XAG/USD holds near $74 as safe-haven cools and Fed/DXY weigh
XAG/USD is trading cautiously around the $74.00 level as Middle East risk fades and ceasefire-talk optimism reduces the safe-haven bid. With speculative defensive flows easing, price action is more prone to consolidation near support.
Technically, $74 is a key support/resistance confluence. Traders watch the 50-day SMA area and an RSI nearing oversold conditions, which could trigger a short-term bounce or sideways trading. A clean break below $74 may extend losses toward $72.50. Upside resistance is seen at $75.50–$76.20, with deeper supports at $73.20 and then $71.80.
Fundamentals remain a cushion: the article points to a structural silver supply deficit and ongoing industrial demand (solar/PV silver paste, electronics, 5G, electrification). Still, XAG/USD is highly sensitive to macro—Fed policy and real-rate expectations—and a firmer U.S. dollar (DXY) typically pressures dollar-priced commodities. Rate-easing expectations later in 2025 are flagged as a potential catalyst for a stronger rally.
Near-term signal focus: the $73.20–$76.20 range.
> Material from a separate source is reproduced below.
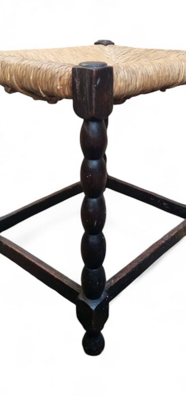 Vintage Bobbin Leg Rush Seat Stool / c.1950 / FREE DELIVERY

XAG/USD direction will likely hinge on the balance between geopolitics and real-rate/DXY expectations rather than pure technicals.
Neutral
Geopolitics has softened (reducing safe-haven inflows), which is a headwind for XAG/USD short-term. However, the underlying fundamental picture is still supportive due to a structural supply deficit and resilient industrial demand. With XAG/USD stuck around the $74 support/resistance area and mixed near-term technical signals (RSI near oversold but key SMAs nearby), the most likely near-term outcome is range trading unless macro (real rates and DXY) decisively shifts or a technical break occurs. A dovish turn in Fed expectations later in 2025 could improve the medium-term outlook, but the current balance argues against a strong one-direction move right now.